Have you seen the reddit Robotics site? It’s pretty cool. https://www.reddit.com/r/robotics/
Thanks for the link. Very interesting to read.
To do that with the Raspberry Pi Pico I used its hardware PWM wrap interrupt.
Would that make it unusable with other hardware without this PWM wrap interrupt?
Unfortunately I only have one RPi Pico so I wouldn't be able to duplicate the project.
When a robot pulses its address off an obstacle how would another robot detecting the return pulses know it wasn't meant as a signal to communicate? If pulses are pouring in from obstacles and directly from other robots how are they all sorted out as going together or not?
To err is human.
To really foul up, use a computer.
If pulses are pouring in from obstacles and directly from other robots how are they all sorted out as going together or not?
Yep, message collisions are inevitable. Although handling collisions is further down my to-do list, I was thinking of a few approaches:
- robots do not transmit while they are receiving messages;
- each robot will send bursts of neighbor messages at periodic intervals (tunable);
- reduce the number of neighbors that a robot can contact by reducing the transmit power (tunable);
- use something like the Aloha protocol to manage re-transmissions (needs research);
- recognize that messaging bandwidth is my biggest design constraint so I may need to slow down the robots or speed up the cooperative scheduler loop.
Tom
To err is human.
To really foul up, use a computer.
I imagined one solution might be a stationary controller that interrogates each bot in turn maybe with WIFI and then resends to all the other bots. I think I read that the RPi pico lacks Wi-Fi?
I am unable to follow your code examples as the Pico hardware is all very complicated.
Aloha protocol
So here I imagine each bot has an accurate clock that is synchronized with the clocks in the other bots.

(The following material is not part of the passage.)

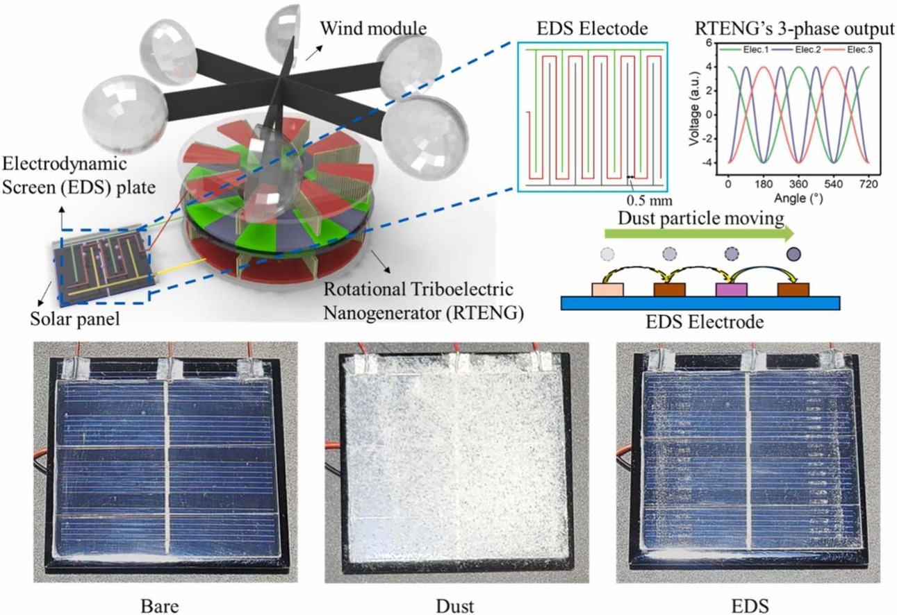 Sercem nowego rozwiązania jest obrotowy nanogenerator tryboelektryczny (RTENG), przekształcający energię mechaniczną z podmuchów wiatru w prąd elektryczny. Prawdziwa innowacja polega jednak na połączeniu RTENG z trójfazowym układem EDS, a to wzorem elektrod, które kierunkowo usuwają kurz z powierzchni panelu. Pierwotnie prototypy jednowazowe z 2024 roku powodowały jedynie oscylacyjne poruszanie się pyłu tam i z powrotem, licząc na grawitację. Ich skuteczność zależała od kąta nachylenia paneli, ale oto nowa konstrukcja z trójfazowym polem generuje siłę jednokierunkową, która przesuwa cząsteczki kurzu niezależnie od pozycji instalacji.

Each bot can only send a message at a particular time during which the other robots are in receive mode.
@robotbuilder The PICOW has WiFi now.
First computer 1959. Retired from my own computer company 2004.
Hardware - Expert in 1401, and 360, fairly knowledge in PC plus numerous MPU's and MCU's
Major Languages - Machine language, 360 Macro Assembler, Intel Assembler, PL/I and PL1, Pascal, Basic, C plus numerous job control and scripting languages.
My personal scorecard is now 1 PC hardware fix (circa 1982), 1 open source fix (at age 82), and 2 zero day bugs in a major OS.
@thrandell You might be able to learn something about collision avoidance from the internet protocol. Sorry it's been decades since I learned all that and having never used any of the low level knowledge it is very foggy but I do remember it because IBM had a protocol that avoided it and I thought was better.
First computer 1959. Retired from my own computer company 2004.
Hardware - Expert in 1401, and 360, fairly knowledge in PC plus numerous MPU's and MCU's
Major Languages - Machine language, 360 Macro Assembler, Intel Assembler, PL/I and PL1, Pascal, Basic, C plus numerous job control and scripting languages.
My personal scorecard is now 1 PC hardware fix (circa 1982), 1 open source fix (at age 82), and 2 zero day bugs in a major OS.